Patient/Family Teaching

• Explain the purpose and side effects of clopidogrel to patient. Instruct patient to take medication exactly as directed. Take missed doses as soon as possible unless almost time for next dose; do not double doses. Do not discontinue clopidogrel without consulting health care professional; may ↑ risk of cardiovascular events.

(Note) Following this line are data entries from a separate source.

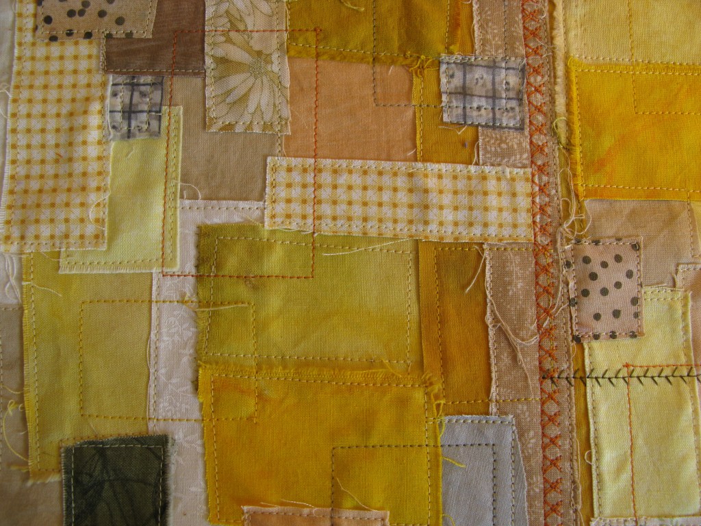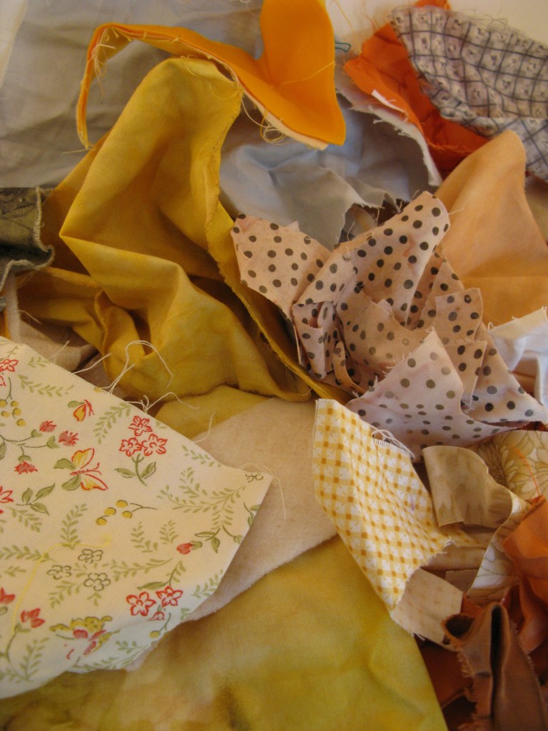 Select fabrics from your scrap bin that will not compete with the thread sketch.  Simple or subtle fabrics are good, but don’t be afraid to throw in a zinger fabric for interest. Perhaps you could use hand dyes or your dye mop up cloth if you have one lurking about.
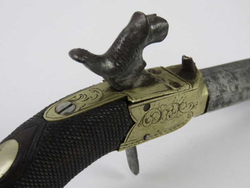 An antique .40 Calibre Percussion Derringer with a concealed, flip down trigger that pops out when the hammer is at full cock. No cert required.
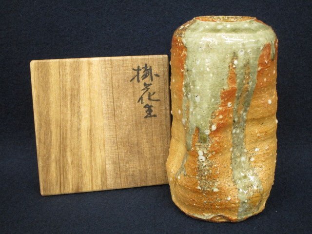 - F2135 陶磁器「金草窯 秦豊秋『掛花生』」刻銘あり/共布/共箱付 陶芸 茶道具 茶陶 華道具 花瓶 花器 花入 一輪挿 フラワーベース

Advise patient to read the  Medication Guide  before starting clopidogrel and with each Rx refill in case of changes.
• Advise patient to notify health care professional promptly if signs and symptoms of bleeding (unexpected bleeding or bleeding that lasts a long time; blood in urine [pink, red, or brown urine], red or black tarry stools, bruises without known cause or that get larger; coughing up blood or blood clots; vomiting blood or vomit looks like coffee grounds); fever, weakness, chills, sore throat, rash, unusual bleeding or bruising, extreme skin paleness, purple skin patches, yellowing of skin or eyes, or neurological changes occur.
• Advise patients of signs and symptoms of skin reactions (fever, flu-like symptoms, mucosal lesions, progressive skin rash, swollen lymph nodes).

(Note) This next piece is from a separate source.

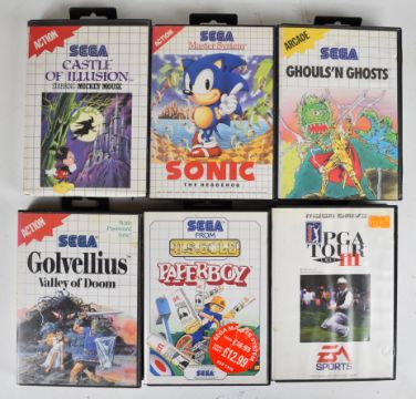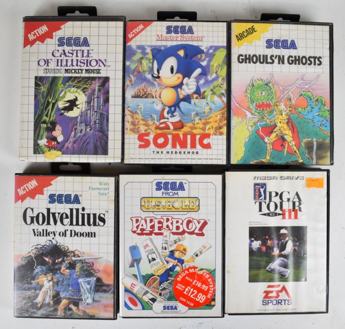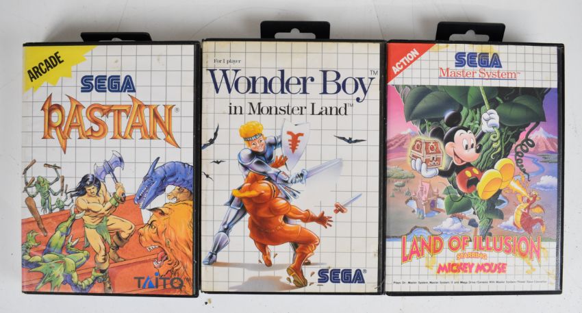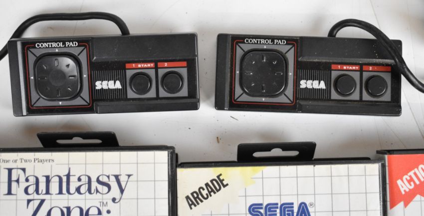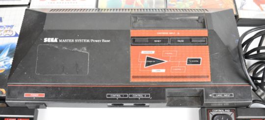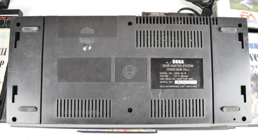 Sega Master System Power Base retro computer games console together with power supply, two controllers and fifteen games comprising R-Type, Golden Axe, Alex Kidd in Shinobi World, Golvellius: Valley of Doom, PGA Tour III, Wonder Boy in Monster Land, Wonder Boy III: The Dragons Trap, Ghouls 'n Ghosts, Rastan, Ghost House, Sonic the Hedgehog, Paperboy, Fantasy Zone: The Maze, Land of Illusion and Castle of Illusion.
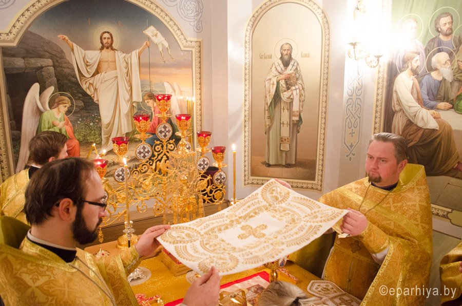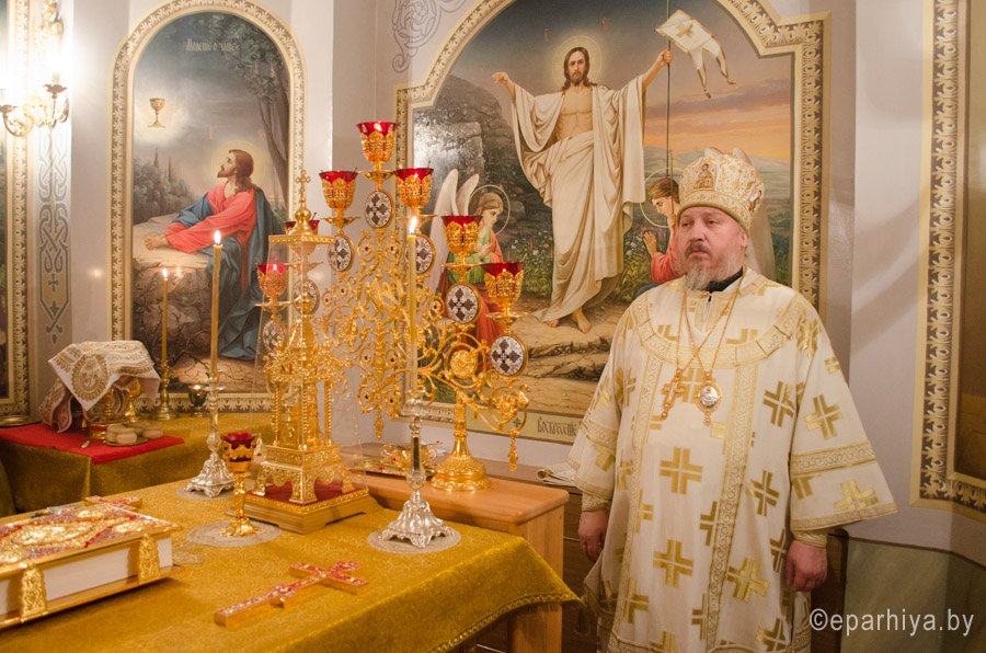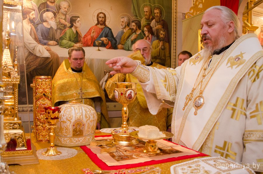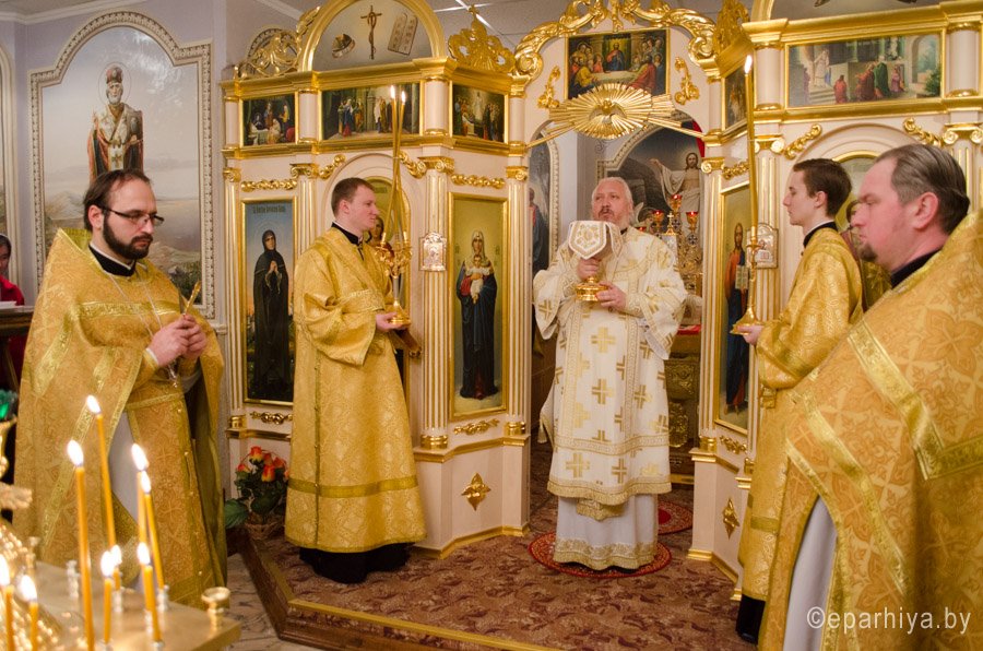 9 февраля 2015г., в день памяти святителя Иоанна Златоуста, Преосвященнейший Стефан в сослужении духовенства собора возглавил Божественную литургию в кафедральном соборе первоверховных апостолов Петра и Павла г.Гомеля. По окончании богослужения Преосвященный поздравил всех молящихся с праздником. |

• Advise patient to notify health care professional of medication regimen prior to treatment or surgery.
• Caution patient to avoid taking omeprazole or esomeprazole during therapy. Consult health care professional for other options.
• Instruct patient to notify health care professional of all Rx or OTC medications, vitamins, or herbal products being taken and to consult health care professional before taking any other Rx, OTC, or herbal products, especially those containing aspirin or NSAIDs or proton pump inhibitors.
• Rep:  Advise women of reproductive potential to notify health care professional if pregnancy is planned or suspected or if breastfeeding. Therapy should not be withheld because of potential concerns regarding effects of clopidogrel on the fetus. Use during labor or delivery ↑ risk of maternal bleeding and hemorrhage. Avoid neuraxial blockade during clopidogrel use due to risk of spinal hematoma. When possible, discontinue clopidogrel 5–7 days prior to labor, delivery, or neuraxial blockade.

Evaluation/Desired Outcomes

Prevention of stroke, MI, and vascular death in patients at risk.